Luckily, as Zeus would have it, traditional Greek food is naturally healthy, and the Mediterranean diet is considered one of the healthiest diets in the world. It’s the over-consumption of these foods that is the problem, and overeating is something people do at every Greek festival. I’m 24-years-old. I have never missed Salt Lake City’s Greek festival (one of the country’s largest and most successful). I’ve learned much about the food we serve and I am offering some simple tips to make your Greek Festival easy on your waistline. Here are 5 small festival eating tweaks plus one simple suggestion to make your next Greek festival visit a lean one.

  1. First, fill your plate with vegetables and finger food. Every Greek festival will have them. Load up on salates (salad) or fassolakia (green beans in tomato sauce). Both are delicious and healthy choices. This is also a good time to add some finger items to your plate. While they may be buttery or contain fatty oils, they still remain healthy. So go ahead with some cheese and olives. Have a piece of tiropita (cheese pie) or spanakopita (spinach pie). All of these items, even if they are buttery or filled with filo, will fill you up fast and slow you down as you eat. By having a lot of variety on your plate, you’ll ultimately eat more slowly and eat less. Just don’t load up on them. And don’t gobble.
  2. Greeks love meat (what do you mean you don’t eat no meat?) so you’ll definitely be able to find protein at any Greek festival. Think Atkins diet. Load up on protein.
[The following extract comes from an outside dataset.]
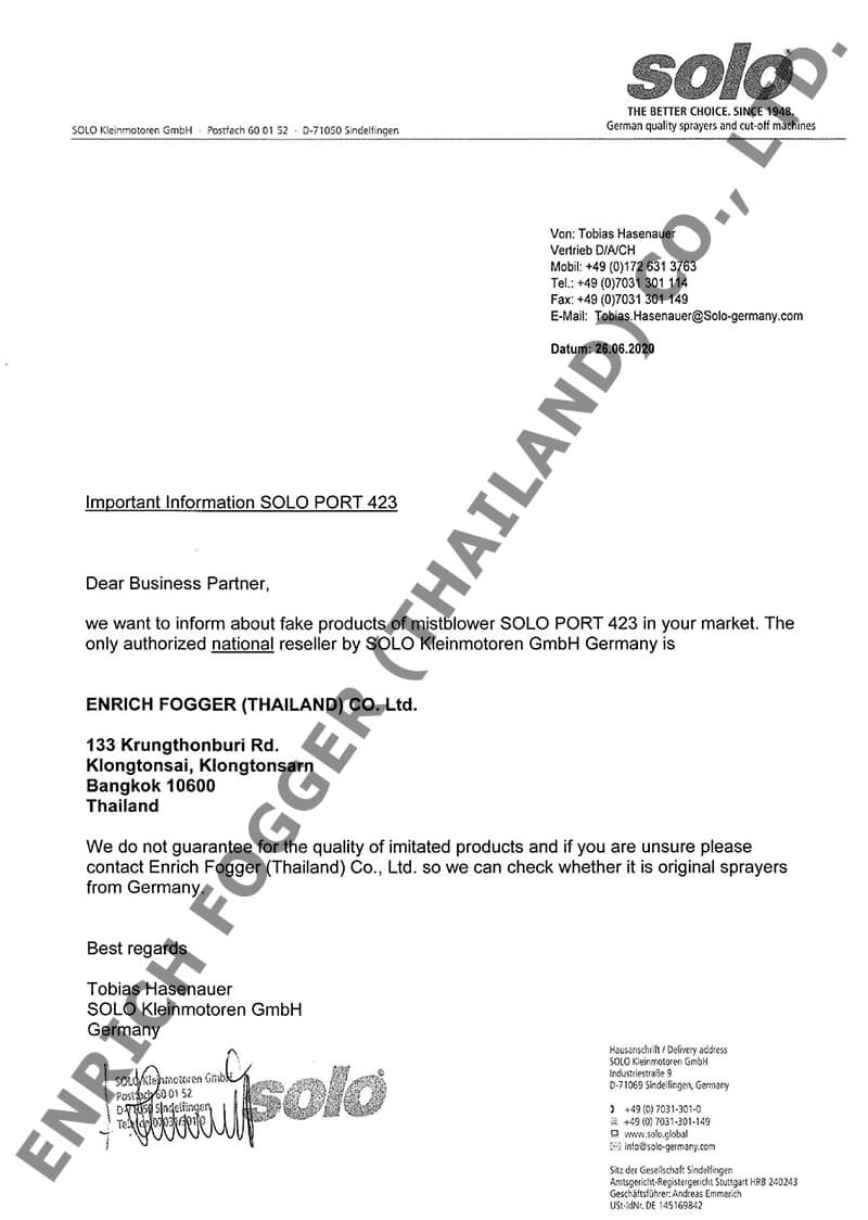 ผู้นำเข้าและตัวแทนจำหน่าย SOLO PORT 423 โดย

The best options are skewered or baked meats, especially chicken or lean pork. If you must have pita, have a small piece. And try to avoid—seriously—gyros.
  3. No Greek festival is complete without lots of carbohydrate options. You’re likely going to find pilafi (Greek lemon rice), pastichio (Greek meat casserole), and patates (potatoes). Not to mention an assortment of pitas and bread. Here is what you must do: If you’re going to have any of these, pick a favorite and stick to it. (For example, don’t have potatoes plus rice). One and out. Again, don’t load up. Your plate should be full of salad, remember?
  4. Greeks are world famous for our desserts. We have baklava, rizogolo, kataifi, galaktoboureko, loukoumades, melomakarona and need I go on? I’m not even going to list all the rest because to a foreign ear it all sounds like gibberish and we just want to eat them, right? It’s true: everything in moderation. So, have dessert. Here’s the trick however. Order a plate full of different desserts, have one or two, but then save the rest and serve them at your next party, take them to a neighbors home, or bring them back to your festival table and share with everyone around you. You will make many friends. Just sit back, nibble on a koulouria, dip it in your Greek coffee and enjoy. Let everyone else have the Greek fanny, not you.
  5. Which is the final tip for today. What do I wash down all that food with? At most Greek festivals you’ll have an assortment of sodas, beers, wine, alcohol and the previously mentioned Greek coffee. That’s all fine, just don’t start screaming “OPA” to the security guards. Again, it’s moderation. Nothing ruins any Greek party faster than a loud drunk. Haven’t we all noticed throughout Greece, we seldom see a drunk local person? Why ruin your Greek festival by over consuming alcohol, which contains extra calories, and will cause you to eat more. It’s a double edged sword. If you can’t stick to plain water, I suggest wine. As for Greek coffee or frappes, the solution is simple—avoid the sugar. Sugar is the number one cause of diabetes in America, and no one is exempt. Order your caffeine either metrio (light sugar, light cream) or sketo (no sugar).

And here’s that bonus tip: get up and walk around. If they’ll allow it, join in for a Greek dance or two, even if you don’t know the steps. You’ll burn calories while you’re at the festival.

During a Greek Festival it’s inevitable to be tempted by every food, drink, and sweet option imaginable. If you failed at the above tips, and over consumed too much, start the next day, getting more activity and eating less, and don’t put yourself down for it. Enjoy everything there is to do at a Greek festival, but just don’t get a Greek fanny over it.